The book I am using ("The real numbers and real analysis" by Ethan Bloch ) defines Peano postulates little differently.
Following is a set of Peano postulates I am using. (Axiom 1.2.1 in Bloch's book)

There exists a set ##\mathbb{N}## with an element ##1 \in \mathbb{N}## and a function ##s: \mathbb{N} \rightarrow \mathbb{N} ## that satisfy the following three properties.

1) There is no ##n \in \mathbb{N}## such that ##s(n) = 1##
2) The function ##s## is injective.
3) Let ##G \subseteq \mathbb{N}## be a set. Suppose that ##1 \in G##, and that if ##g \in G## then ##s(g) \in G##. Then ## G = \mathbb{N} ##

And addition operation is given in Theorem 1.2.5 as follows

There is a unique binary operation ##+: \mathbb{N} \times \mathbb{N} \to \mathbb{N} ## that satisfies the following two properties for all ##n, m \in \mathbb{N} ##

a. ## n + 1 = s(n) ##
b. ## n + s(m) = s(n + m) ##

Multiplication operation is given in Theorem 1.2.6 as follows

There is a unique binary operation ## \cdot: \mathbb{N} \times \mathbb{N} \to \mathbb{N} ## that satisfies the following two properties for all ##n, m \in \mathbb{N} ##

a. ##n \cdot 1 = n ##
b. ## n \cdot s(m) = (n \cdot m) + n ##

with this background, we proceed to the proof. Let us define a set

$$ G = \{ z \in \mathbb{N} | \mbox{if } x, y \in \mathbb{N} \; (x+y)\cdot z = x \cdot z + y \cdot z \} $$

We want to prove that ##G = \mathbb{N} ##. For this purpose, we will use part 3) of Peano postulates given above.
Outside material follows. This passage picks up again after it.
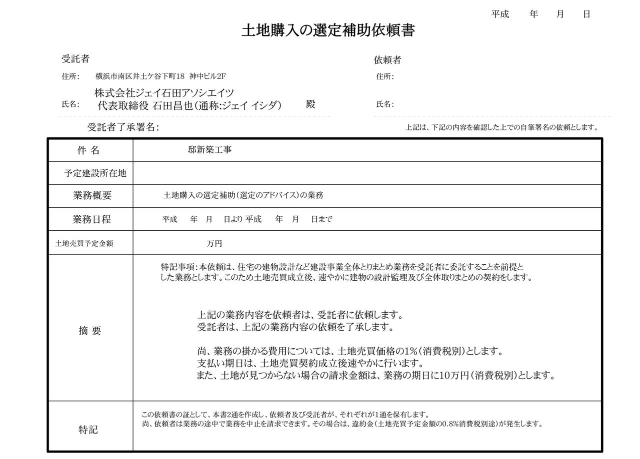 まず、下部添付の土地購入補助の依頼書の提出を先にお願いしております。この時に着手金10万円(消費税別)をお支払いただきます。

Obviously, ## G \subseteq \mathbb{N} ##. Now, I am going to use another result I have proven earlier. If ##a \in \mathbb{N}##, we have ##a \cdot 1 = a = 1 \cdot a##. So, if ##x, y \in \mathbb{N}## are arbitrary, it will follow that ##(x + y) \cdot 1 = (x + y) = x \cdot 1 + y \cdot 1##. Since ## 1 \in \mathbb{N}## from Peano postulates, it follows that ## 1 \in G##. Now suppose ## r \in G##. It means that ##r \in \mathbb{N}## and

$$ \forall x, y \in \mathbb{N} \bigl[ (x + y) \cdot r = x \cdot r + y \cdot r \bigr] \cdots\cdots (1)$$

Now, let ##x, y \in \mathbb{N}## be arbitrary. Now using multiplication operation part b), it will follow that

$$ (x + y) \cdot s(r) = ((x + y) \cdot r) + (x + y) $$

Using equation 1), it will follow that

$$ (x + y) \cdot s(r) = (x \cdot r + y \cdot r) + (x + y) $$

I have already proven associative law for addition. So, using that,

$$ (x + y) \cdot s(r) = ((x \cdot r + y \cdot r) + x) + y $$

$$ (x + y) \cdot s(r) = (x \cdot r + (y \cdot r + x)) + y $$

I have also proven commutative law for addition earlier. So, we use that now

$$ (x + y) \cdot s(r) = (x \cdot r + (x + y \cdot r)) + y $$

Using associative law for addition again,

$$ (x + y) \cdot s(r) = ((x \cdot r + x) + y \cdot r) + y $$

Now using part b) of the addition operation, ## x \cdot s(r) = x \cdot r + x ##. So, we have

$$ (x + y) \cdot s(r) = (x \cdot s(r) + y \cdot r) + y $$

Using associative law for addition again,

$$ (x + y) \cdot s(r) = x \cdot s(r) + (y \cdot r + y) $$

And, again using part b) of the addition operation, ## y \cdot s(r) = y \cdot r + y ##. So, we have

$$ (x + y) \cdot s(r) = x \cdot s(r) + y \cdot s(r) $$

Since ##x,y## are arbitrary, it follows that

$$ \forall x, y \in \mathbb{N} \bigl[ (x + y) \cdot s(r) = x \cdot s(r) + y \cdot s(r) \bigr] $$

And ##s(r) \in \mathbb{N}##. So, ##s(r) \in G##. So, ##r \in G## implies that ##s(r) \in G##.
Using part 3) of the Peano postulates, it follows that ## G = \mathbb{N}##.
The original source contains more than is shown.